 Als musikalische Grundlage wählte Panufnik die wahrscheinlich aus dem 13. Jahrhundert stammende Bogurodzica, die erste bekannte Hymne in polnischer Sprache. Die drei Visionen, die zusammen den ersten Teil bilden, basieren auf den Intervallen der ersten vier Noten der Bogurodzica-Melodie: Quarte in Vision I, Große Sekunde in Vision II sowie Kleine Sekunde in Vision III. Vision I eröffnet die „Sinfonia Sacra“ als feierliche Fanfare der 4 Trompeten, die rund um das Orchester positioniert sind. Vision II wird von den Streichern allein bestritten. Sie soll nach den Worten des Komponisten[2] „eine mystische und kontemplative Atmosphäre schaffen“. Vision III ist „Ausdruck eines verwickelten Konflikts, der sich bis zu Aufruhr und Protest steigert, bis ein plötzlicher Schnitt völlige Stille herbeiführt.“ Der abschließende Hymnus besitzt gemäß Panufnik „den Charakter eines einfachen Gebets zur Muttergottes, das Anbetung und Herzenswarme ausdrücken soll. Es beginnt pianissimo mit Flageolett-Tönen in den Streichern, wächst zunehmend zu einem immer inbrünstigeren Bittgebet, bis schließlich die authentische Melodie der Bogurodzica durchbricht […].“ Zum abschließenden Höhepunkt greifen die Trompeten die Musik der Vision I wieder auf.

⁂

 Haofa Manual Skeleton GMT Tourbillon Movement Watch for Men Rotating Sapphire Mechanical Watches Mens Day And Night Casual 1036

⁂

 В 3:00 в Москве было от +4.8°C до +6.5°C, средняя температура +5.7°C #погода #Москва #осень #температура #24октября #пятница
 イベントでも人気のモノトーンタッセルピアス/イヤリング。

⁂

Description of the task:
Go to the line in the material above that contains "В 3:00 в Москве" and copy exactly from there through the line that contains "イベントでも人気のモノトーンタッセルピアス/イヤリング。", stopping after it.

Answer to this exercise:
 В 3:00 в Москве было от +4.8°C до +6.5°C, средняя температура +5.7°C #погода #Москва #осень #температура #24октября #пятница
 イベントでも人気のモノトーンタッセルピアス/イヤリング。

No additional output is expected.